By third grade, many people have received what social psychologist and author Brené Brown calls “Art Scars.” Often in school, many kids receive a shame-based message that they are not, and could never be, creative. This is usually when the “talented” kids are shuffled off to the advanced art or music rooms. The Art Scar goes deep, completely inhibiting people’s freedom to explore their own creative abilities. Instead of the extravagant joy and exploration of the uninhibited first grader, the third grader starts to apply self-judgment, comparison, and perfectionism to the art practice. Activate prefrontal cortex! Eliminate flow! (By the way, while I don’t have many art scars due to my unschooling in the woods by artist hippies, I absolutely do have volleyball scars. Major issues there.)

Some of the projects in this book may appear to be too simple. Have you ever heard someone look at a piece of art and say, “My kid could do that”? Well, since the people carrying Art Scars were probably kids when they got them, I say let’s start at the source of the harm: third grade! Let’s start making projects that a third grader would love! And then if you want to go on to paint the Mona Lisa, go forth—no one is stopping you!

In the scientific literature, the experts have concluded that for people to enter a flow state of transient hypofrontality (flow), they must be engaged in an activity with 4 percent difficulty. I think this is hilarious, because how do you ever quantify 4 percent difficulty? What if your activity trends toward 7 percent? Or 3 percent? But, the point is this: You want to exercise a skill that you feel you can master, but not one that is so easy that you are bored. I think it’s interesting and revealing that the number is 4 percent. I would have guessed 25 percent or even 30 percent. It’s encouraging to know that we only need to dial up the difficulty to 4 percent. Probably the reason a lot of people quit trying to gain a new skill is that they start at 40 percent instead of 4 percent and the result is frustration, sulking, quitting, etc.

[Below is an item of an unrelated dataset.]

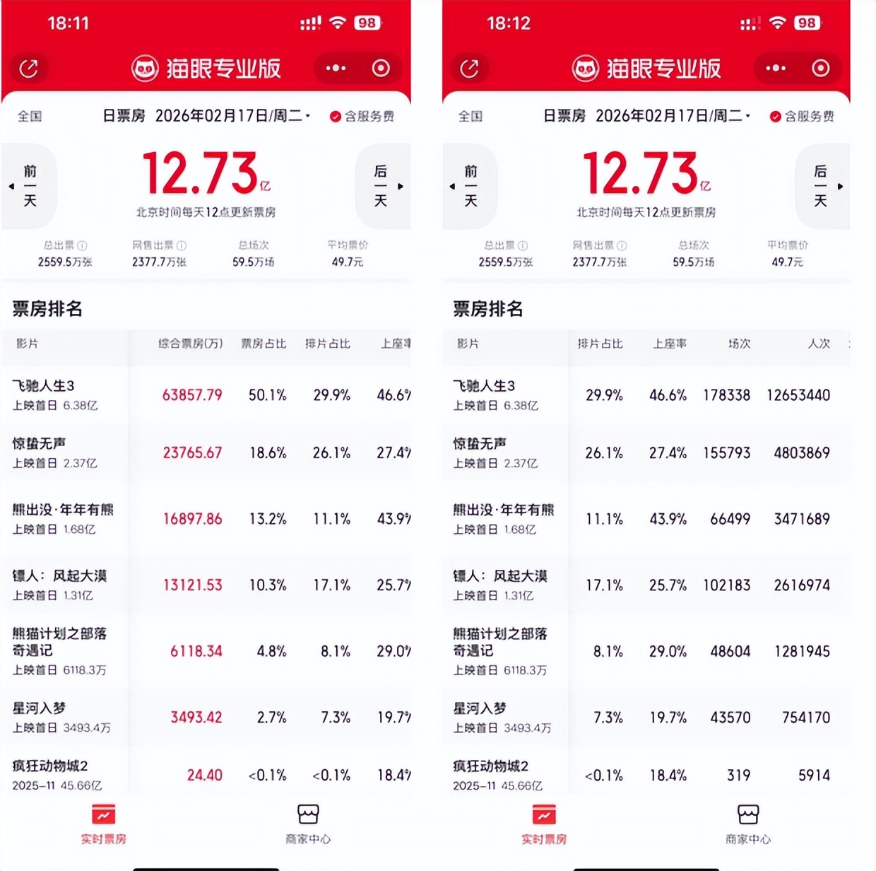 缺少现象级爆款电影,让2026年的春节档更像一场“效率更高的存量竞争”:头部稳、腰尾弱,票房集中度上升,大盘上限却被锁住。而不断走高的票价,则正在筛选掉“带着家人进影院”的那批人。

And/or breaking their leg because they are trying to learn to snowboard. Or getting crushed by the mean girls spiking volleyballs. Hypothetically, that could totally happen, too.

When I teach art classes, I’ve observed that most of the projects in this book hit the sweet spot of 4 percent for most people across many skill levels, for novice artists or professionals. I’m not sure why this is, because working with colors and shapes seems to be almost childishly elemental, and yet the vast array of color combinations, surface treatments, and design possibilities keeps it firmly engaging.